[Items from a data source]
⟨

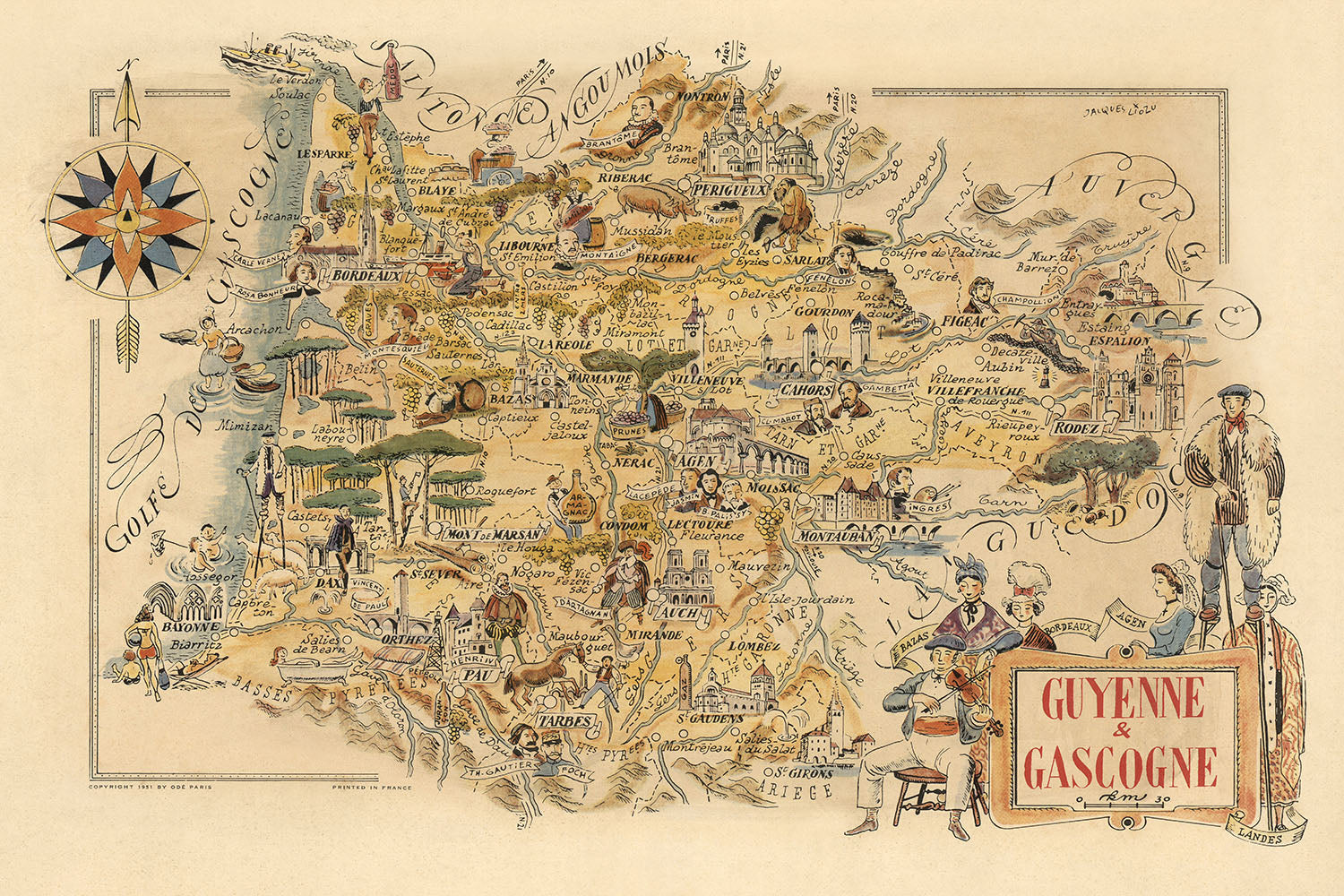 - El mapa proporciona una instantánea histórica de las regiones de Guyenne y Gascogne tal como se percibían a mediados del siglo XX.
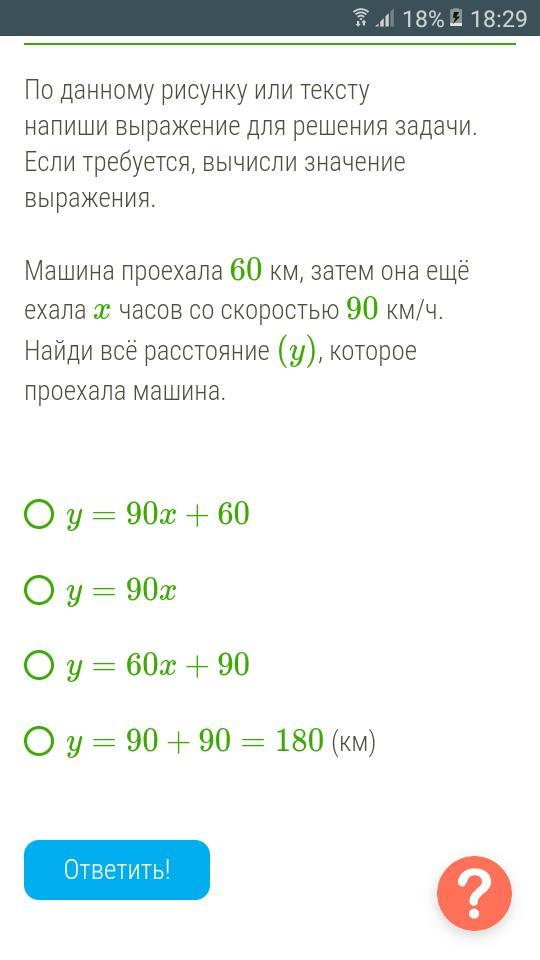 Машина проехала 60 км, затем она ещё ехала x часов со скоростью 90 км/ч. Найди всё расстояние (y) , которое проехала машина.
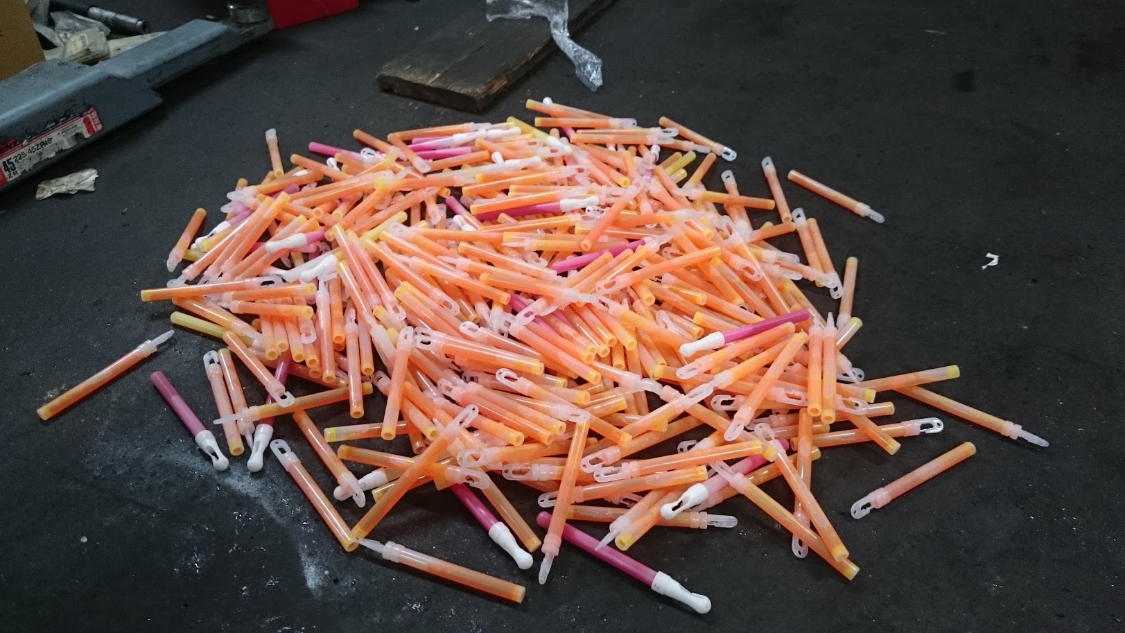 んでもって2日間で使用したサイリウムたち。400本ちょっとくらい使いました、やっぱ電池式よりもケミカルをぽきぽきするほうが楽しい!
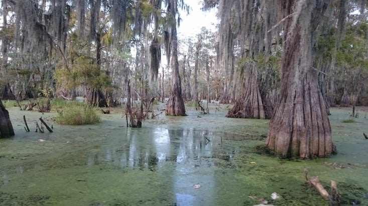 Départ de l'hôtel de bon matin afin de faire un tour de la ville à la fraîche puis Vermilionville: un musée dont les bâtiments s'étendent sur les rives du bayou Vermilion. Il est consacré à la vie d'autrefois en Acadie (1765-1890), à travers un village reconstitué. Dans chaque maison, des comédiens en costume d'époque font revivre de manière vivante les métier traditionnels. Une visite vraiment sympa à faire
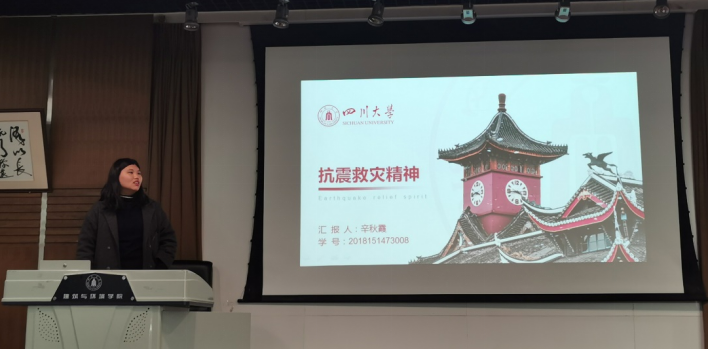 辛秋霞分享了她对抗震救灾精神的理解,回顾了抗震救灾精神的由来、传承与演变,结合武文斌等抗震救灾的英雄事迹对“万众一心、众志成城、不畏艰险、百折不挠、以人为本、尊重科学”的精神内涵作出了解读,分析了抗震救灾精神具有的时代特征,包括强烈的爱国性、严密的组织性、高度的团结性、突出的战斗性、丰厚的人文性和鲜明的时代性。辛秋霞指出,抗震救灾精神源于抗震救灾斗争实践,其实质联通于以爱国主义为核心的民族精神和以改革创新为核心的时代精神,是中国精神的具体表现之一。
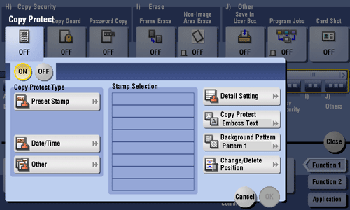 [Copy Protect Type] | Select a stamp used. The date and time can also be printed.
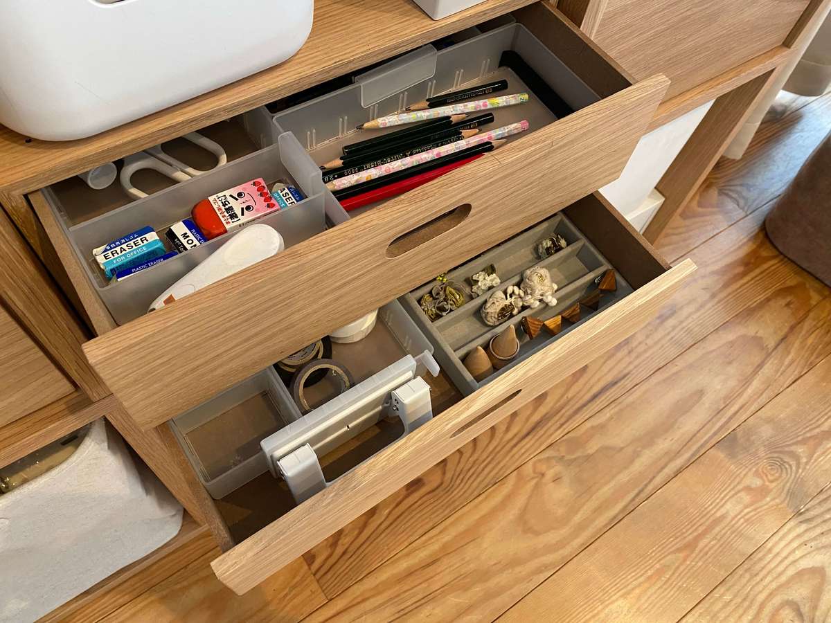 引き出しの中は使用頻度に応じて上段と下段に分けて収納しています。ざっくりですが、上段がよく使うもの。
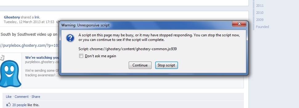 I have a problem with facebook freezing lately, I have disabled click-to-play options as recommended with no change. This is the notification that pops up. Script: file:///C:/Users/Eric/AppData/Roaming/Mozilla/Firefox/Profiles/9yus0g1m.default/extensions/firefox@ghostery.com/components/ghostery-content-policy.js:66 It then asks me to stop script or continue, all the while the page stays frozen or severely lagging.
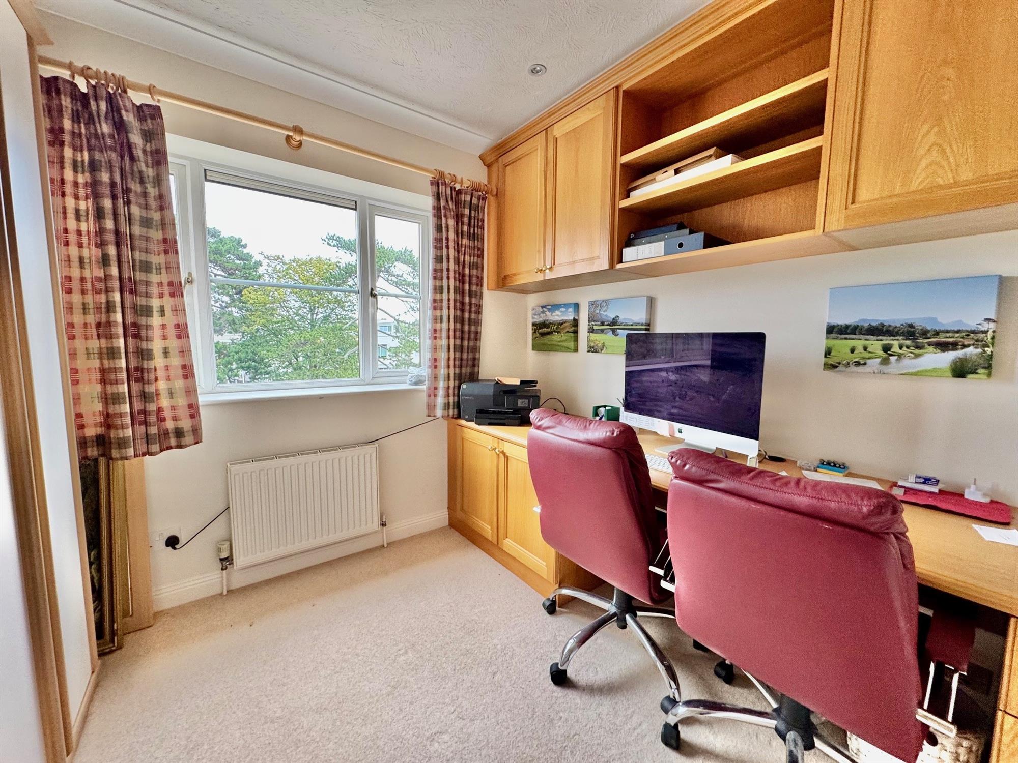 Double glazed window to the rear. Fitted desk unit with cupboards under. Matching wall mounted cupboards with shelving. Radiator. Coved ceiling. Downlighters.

⟩

→ EXERCISE DETAILS:
Copy every record exactly, leaving the pictures out.

→ RESPONSE:
 - El mapa proporciona una instantánea histórica de las regiones de Guyenne y Gascogne tal como se percibían a mediados del siglo XX.
 Машина проехала 60 км, затем она ещё ехала x часов со скоростью 90 км/ч. Найди всё расстояние (y) , которое проехала машина.
 んでもって2日間で使用したサイリウムたち。400本ちょっとくらい使いました、やっぱ電池式よりもケミカルをぽきぽきするほうが楽しい!
 Départ de l'hôtel de bon matin afin de faire un tour de la ville à la fraîche puis Vermilionville: un musée dont les bâtiments s'étendent sur les rives du bayou Vermilion. Il est consacré à la vie d'autrefois en Acadie (1765-1890), à travers un village reconstitué. Dans chaque maison, des comédiens en costume d'époque font revivre de manière vivante les métier traditionnels. Une visite vraiment sympa à faire
 辛秋霞分享了她对抗震救灾精神的理解,回顾了抗震救灾精神的由来、传承与演变,结合武文斌等抗震救灾的英雄事迹对“万众一心、众志成城、不畏艰险、百折不挠、以人为本、尊重科学”的精神内涵作出了解读,分析了抗震救灾精神具有的时代特征,包括强烈的爱国性、严密的组织性、高度的团结性、突出的战斗性、丰厚的人文性和鲜明的时代性。辛秋霞指出,抗震救灾精神源于抗震救灾斗争实践,其实质联通于以爱国主义为核心的民族精神和以改革创新为核心的时代精神,是中国精神的具体表现之一。
 [Copy Protect Type] | Select a stamp used. The date and time can also be printed.
 引き出しの中は使用頻度に応じて上段と下段に分けて収納しています。ざっくりですが、上段がよく使うもの。
 I have a problem with facebook freezing lately, I have disabled click-to-play options as recommended with no change. This is the notification that pops up. Script: file:///C:/Users/Eric/AppData/Roaming/Mozilla/Firefox/Profiles/9yus0g1m.default/extensions/firefox@ghostery.com/components/ghostery-content-policy.js:66 It then asks me to stop script or continue, all the while the page stays frozen or severely lagging.
 Double glazed window to the rear. Fitted desk unit with cupboards under. Matching wall mounted cupboards with shelving. Radiator. Coved ceiling. Downlighters.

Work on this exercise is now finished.